Case Study 2 — Converged Versus Dedicated Storage Network
This case study is similar to Case Study 1. The difference is that the server is not running into a high CPU utilization anymore. Also, the average traffic in the no-drop class is 6 Gbps (60%), and the average traffic in lossy classes is 2 Gbps (20%). When application performance degradation is reported, the duration also coincides with 100% utilization on the converged link. After doing an investigation of the per-class traffic utilization, it was found that the traffic in the lossy class spiked from 2 Gbps to 5 Gbps. At the same time, the traffic in the no-drop class dipped from 6 Gbps to 5 Gbps. This is because on this 10 GbE link, the no-drop class was allocated a bandwidth guarantee of 5 Gbps (50%). But the collective ingress rate of the lossless traffic on other ports on this switch is still 6 Gbps. To equalize this traffic to 5 Gbps, this switch invokes PFC, which results in congestion spreading. This was confirmed with the spike in Tx Pause frames on the other ports on the switch that were receiving traffic to the sent out on the edge port. 本案例研究与案例研究 1 相似。不同之处在于服务器的 CPU 利用率不再很高。此外,无损类的平均流量为 6 Gbps(60%),有损类的平均流量为 2 Gbps(20%)。当报告应用性能下降时,持续时间也与会聚链路的 100% 利用率相吻合。对每类流量利用率进行调查后发现,有损类的流量从 2 Gbps 激增到 5 Gbps。同时,无损类的流量从 6 Gbps 下降到 5 Gbps。这是因为在这条 10 GbE 链路上,无损类被分配了 5 Gbps(50%)的带宽保证。但该交换机其他端口上无损流量的总入口速率仍为 6 Gbps。为了将这些流量均衡到 5 Gbps,该交换机调用了 PFC,从而导致拥塞扩散。交换机上接收边缘端口发送流量的其他端口上的 Tx 暂停帧峰值证实了这一点。
In this case study, the clear problem is the lack of capacity on the converged link and traffic contention on that link between no-drop and lossy class. This issue was resolved by adding another 10 GbE link. 在本案例研究中,明显的问题是融合链路的容量不足,以及无损和有损类之间的流量争用。通过增加另一条 10 GbE 链路,这一问题得以解决。

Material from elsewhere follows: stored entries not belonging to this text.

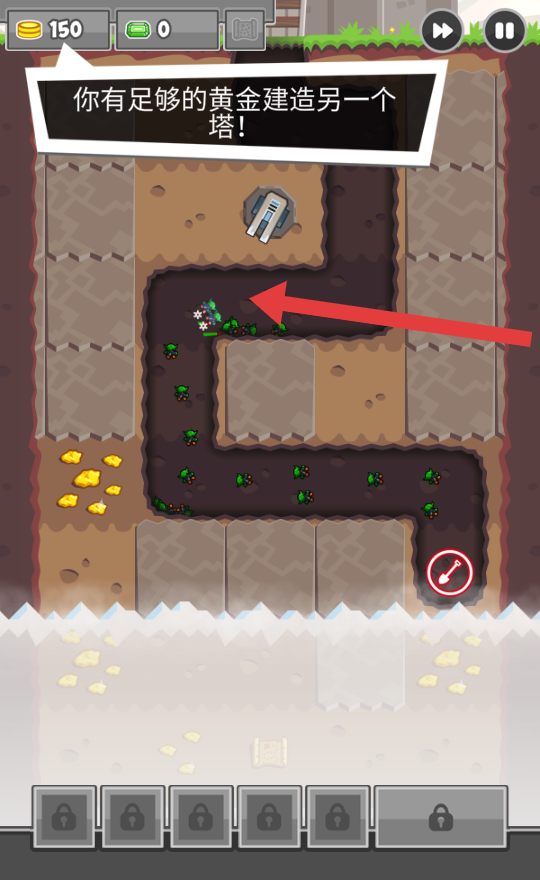 2、依照地下路徑走向補(bǔ)建防御塔,利用冰塔減速等特性攔截?cái)橙?,要注意收集路徑上的金幣,確保資源的充足。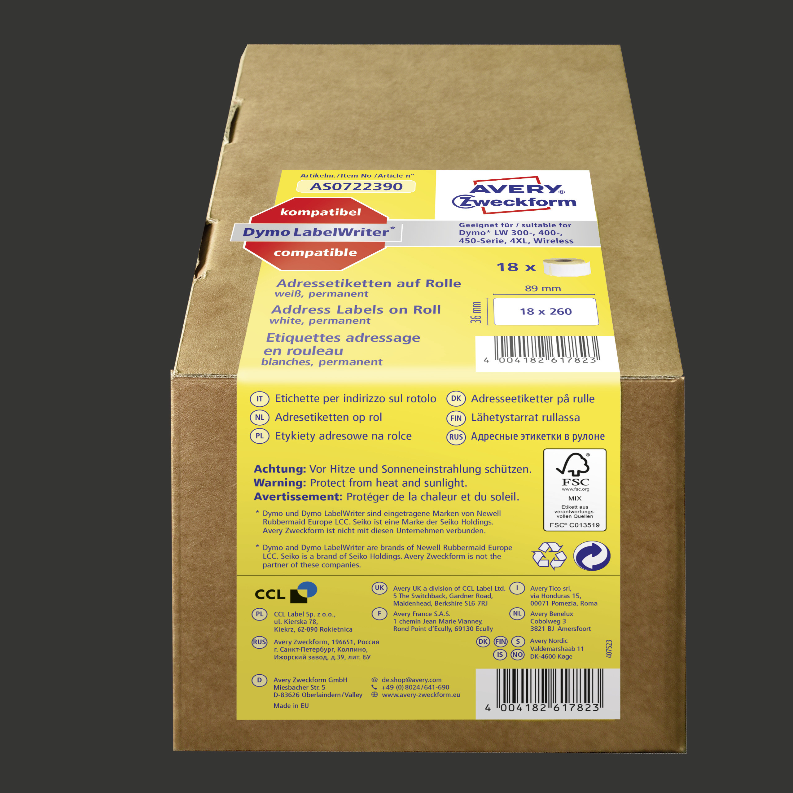 Etykiety na rolce, etykiety adresowe, do termodruku Avery AS0722390 / 36 x 89 mm, 4680 etyk. / 18 rolek - biały
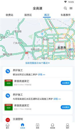 1、天气、高速通行、收费站开闭信息全掌握,出行提前规划; 2、导航路径规划及实时路径导航,回家路最快最短; 3、高速服务区餐饮信息,可联系商家预订,拒绝等位排队; 4、高速救援、周边景点、应急知识多种服务伴您行。功能介绍

In this case study, it was chosen to use both links for both types of traffic (lossy and lossless), which is the approach of the shared storage network. A valid alternative approach would have been to dedicate one link to lossy (normal class) and the other link to lossless (no-drop class) traffic, which is the approach of the dedicated storage network. 在本案例研究中,两种类型的流量(有损和无损)都使用两条链路,这是共享存储网络的方法。另一种有效的方法是将一条链路专用于有损(普通级)流量,另一条链路专用于无损(无丢包级)流量,这就是专用存储网络的方法。
The correct answer lies in the capacity of the link and the throughput that is expected on those links. A dedicated storage network is a different architecture and will require you to operate it differently. The pros are the independence of the fabrics, scalability, fault isolation, and easier troubleshooting. On the contrary, a dedicated storage network is more expensive to deploy and needs more resources to manage and operate. 正确答案在于链路的容量和这些链路的预期吞吐量。专用存储网络是一种不同的架构,需要以不同的方式进行操作。其优点在于结构的独立性、可扩展性、故障隔离和更易于故障排除。相反,专用存储网络的部署成本更高,需要更多资源来管理和运行。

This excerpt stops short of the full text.